* **TASK REQUIREMENTS**:
Everything in the data below is left aside except the lines from the one containing "Durante a manhã, na" through the one containing "Quando a tinta"; repeat those exactly.

* **PROVIDED DATA**:
==*==

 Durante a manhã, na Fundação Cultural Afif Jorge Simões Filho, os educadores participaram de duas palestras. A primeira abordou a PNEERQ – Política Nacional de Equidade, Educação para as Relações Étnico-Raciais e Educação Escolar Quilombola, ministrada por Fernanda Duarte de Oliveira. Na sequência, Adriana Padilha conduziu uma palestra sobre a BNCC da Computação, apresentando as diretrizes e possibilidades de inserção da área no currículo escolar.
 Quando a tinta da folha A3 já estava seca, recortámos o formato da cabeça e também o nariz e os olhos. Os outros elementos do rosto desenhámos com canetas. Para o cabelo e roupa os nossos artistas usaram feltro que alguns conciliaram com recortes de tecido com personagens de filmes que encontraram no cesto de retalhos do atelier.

==*==

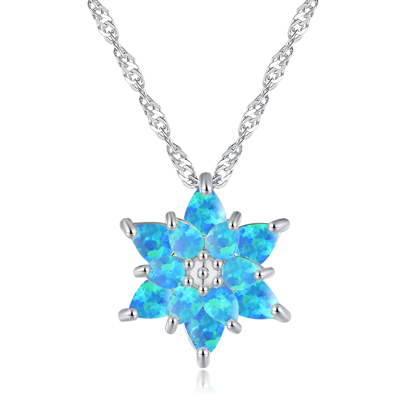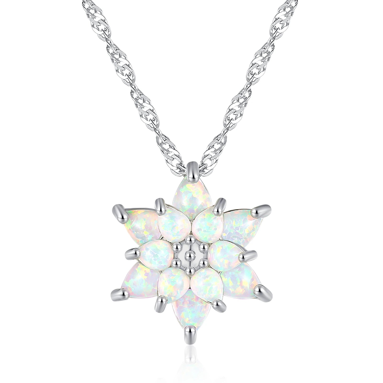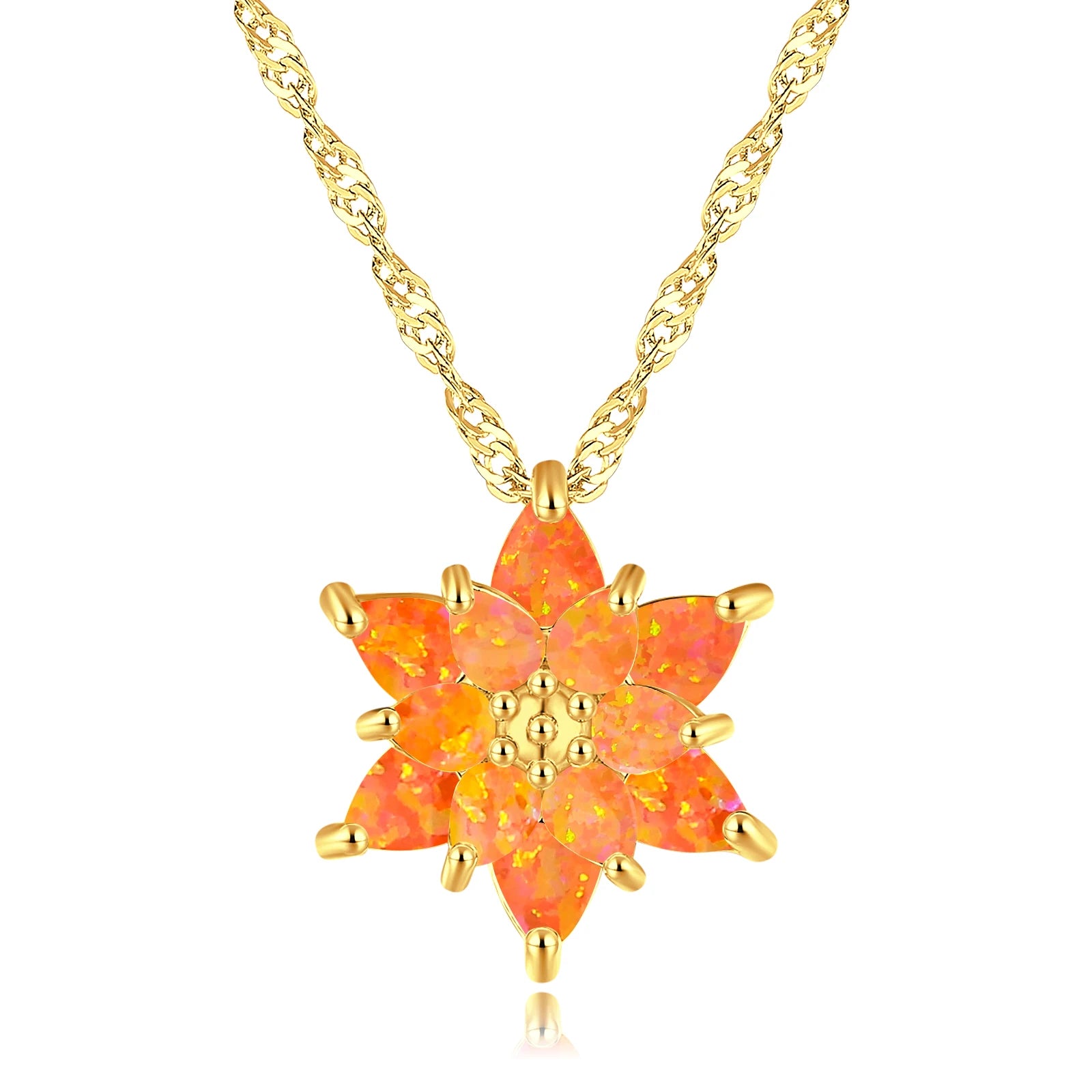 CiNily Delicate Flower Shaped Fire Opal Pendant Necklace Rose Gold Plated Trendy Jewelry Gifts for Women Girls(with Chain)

==*==

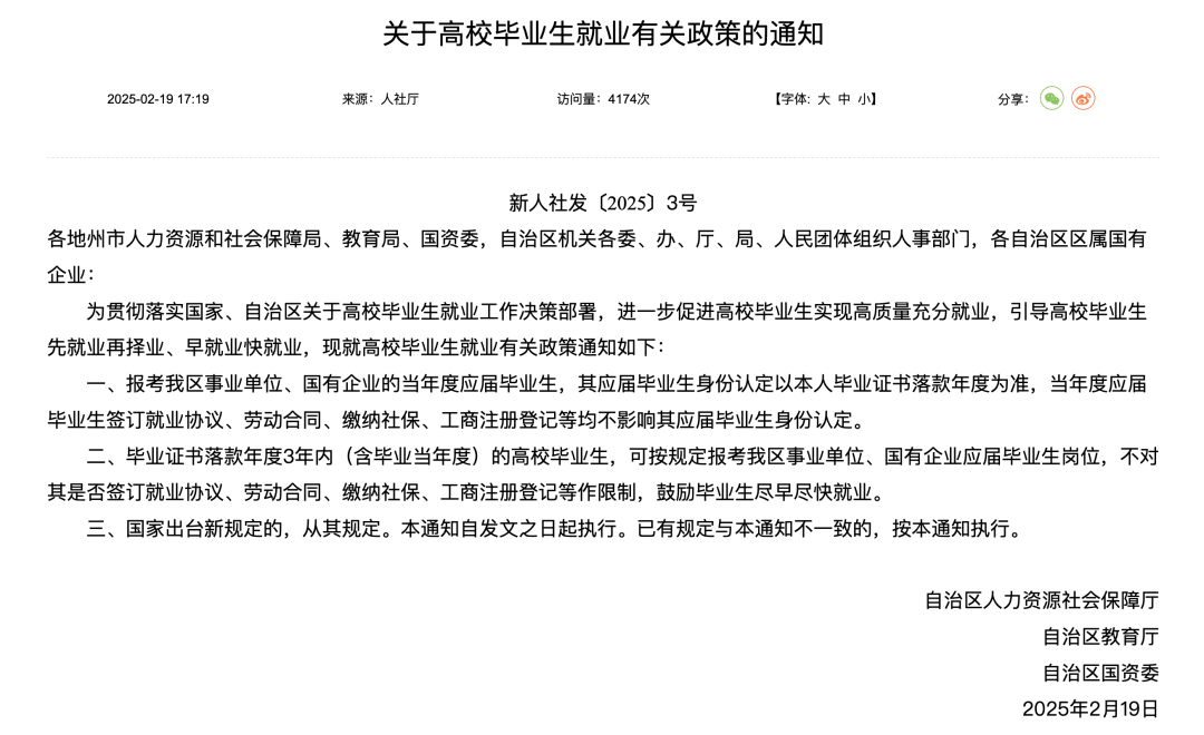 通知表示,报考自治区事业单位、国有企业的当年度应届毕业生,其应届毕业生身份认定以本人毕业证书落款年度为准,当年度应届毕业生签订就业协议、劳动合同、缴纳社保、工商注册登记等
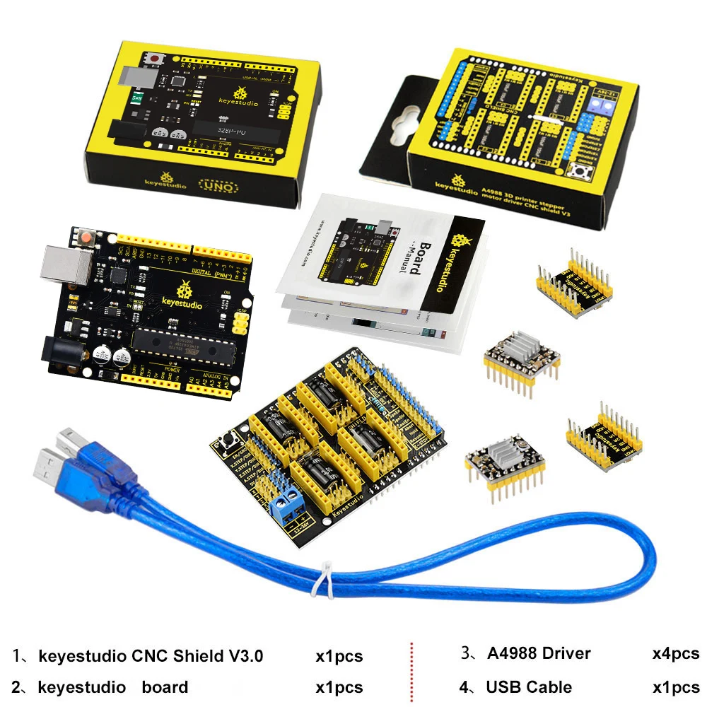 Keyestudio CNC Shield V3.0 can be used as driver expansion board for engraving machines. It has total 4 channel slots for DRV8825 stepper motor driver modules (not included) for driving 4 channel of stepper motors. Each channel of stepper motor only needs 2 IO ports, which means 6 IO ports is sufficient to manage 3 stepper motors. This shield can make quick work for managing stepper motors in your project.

==*==

* **SOLUTION BELOW**:
 Durante a manhã, na Fundação Cultural Afif Jorge Simões Filho, os educadores participaram de duas palestras. A primeira abordou a PNEERQ – Política Nacional de Equidade, Educação para as Relações Étnico-Raciais e Educação Escolar Quilombola, ministrada por Fernanda Duarte de Oliveira. Na sequência, Adriana Padilha conduziu uma palestra sobre a BNCC da Computação, apresentando as diretrizes e possibilidades de inserção da área no currículo escolar.
 Quando a tinta da folha A3 já estava seca, recortámos o formato da cabeça e também o nariz e os olhos. Os outros elementos do rosto desenhámos com canetas. Para o cabelo e roupa os nossos artistas usaram feltro que alguns conciliaram com recortes de tecido com personagens de filmes que encontraram no cesto de retalhos do atelier.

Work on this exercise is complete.